The integration of large language models (LLMs) into healthcare and the daily lives of many people has raised critical questions regarding the accuracy of AI-generated medical information. While early enthusiasm has emphasized their potential to improve access to knowledge and reduce clinician workload, emerging evidence indicates that LLM performance is highly variable and context dependent. A 2025 systematic review comparing LLM responses to those of healthcare professionals found that, although many studies favored LLM-generated answers, results were inconsistent and often mixed, underscoring concerns about reliability and safety in real-world use.1 Large-scale meta-analyses similarly demonstrate that LLM accuracy varies substantially by task type, with higher performance on structured, objective questions and lower reliability in open-ended or clinically nuanced scenarios.
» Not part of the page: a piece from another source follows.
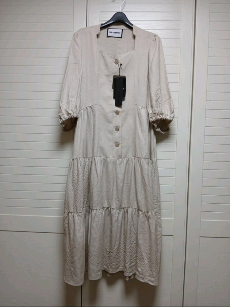 🎯 택배는 GS택배만 가능합니다. (일반택배는 4500원, 반값택배는 2200원 추가해 주세요.) 칼라거펠트(Karl Lagerfeld)의 린넨 블렌디드 원피스입니다. 깅엄 체크 패턴이 톤온톤으로 되어 있습니다. 스커트 부분 풍성하고, 촉감 시원합니다. 곡선 스퀘어넥이 유니크하고, 벌룬 퍼프 소매가 매력적입니다. 양쪽에 포켓 있습니다. 베이지 색상으로 여유로운 77사이즈입니다. (모델 착용샷의 색감이 실제와 더 비슷합니다.)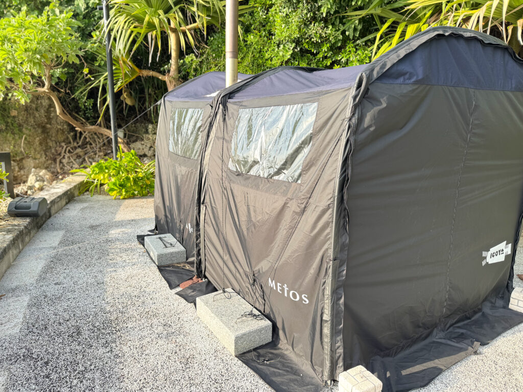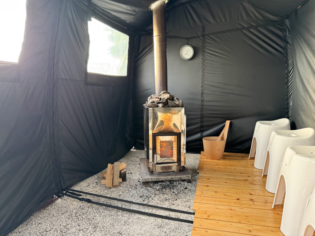夕食前にぜひ体験していただきたいのが、フィンランド式の「テントサウナととのい体験」。薪ストーブの温もりに包まれながら“ととのい”を味わえるウェルネスアクティビティで、沖縄で本格的なテントサウナ体験ができる場所は珍しいそう。

Although advanced models such as GPT-4 variants can approach expert-level performance on standardized examinations, human clinicians remain more reliable in tasks requiring precise diagnostic reasoning. LLMs underperform in identifying the single most likely diagnosis or generating accurate, prioritized differential diagnoses.2 Much of the existing literature overestimates LLM capability by relying on these exam-style benchmarks rather than real-world interactions. Accuracy rates exceeding 80% on licensing-style questions do not necessarily translate into safe or actionable medical guidance in practice.3
This gap between model capability and real-world use is highlighted in a randomized study published in Nature Medicine. When clinical scenarios were provided directly to LLMs (with each model assessing each scenario 60 times), models identified at least one relevant condition in over 90% of responses. However, participants using the same models identified relevant conditions in fewer than 34.5% of cases.4 This discrepancy demonstrates that accuracy is not solely a function of model knowledge, but also depends on user interaction, prompt quality, and interpretation of model outputs. In practice, even high-performing models may fail to improve—and may even degrade—clinical reasoning when used by non-experts.
Beyond issues with accuracy as a result of interpretation, AI large language models may also generate or accept incorrect medical information. A large benchmarking study found that LLMs accepted fabricated medical content in approximately 31.7% of cases, with even higher error rates when misinformation was embedded in realistic clinical narratives.5 These findings reflect a fundamental limitation: LLMs lack robust mechanisms for distinguishing truth from plausibly structured falsehoods, and this flaw is especially pronounced in complex clinical contexts.
Finally, model performance remains inconsistent across datasets and clinical environments. While larger and domain-adapted models generally achieve higher accuracy, their performance does not generalize reliably. For example, GPT-4 demonstrates strong performance on the MedQA dataset, which reflects U.S. licensing examinations, but performs significantly worse on datasets based on different clinical guidelines, such as MedMCQA.6 This variability highlights the dependence of LLM accuracy on training data distribution and clinical context.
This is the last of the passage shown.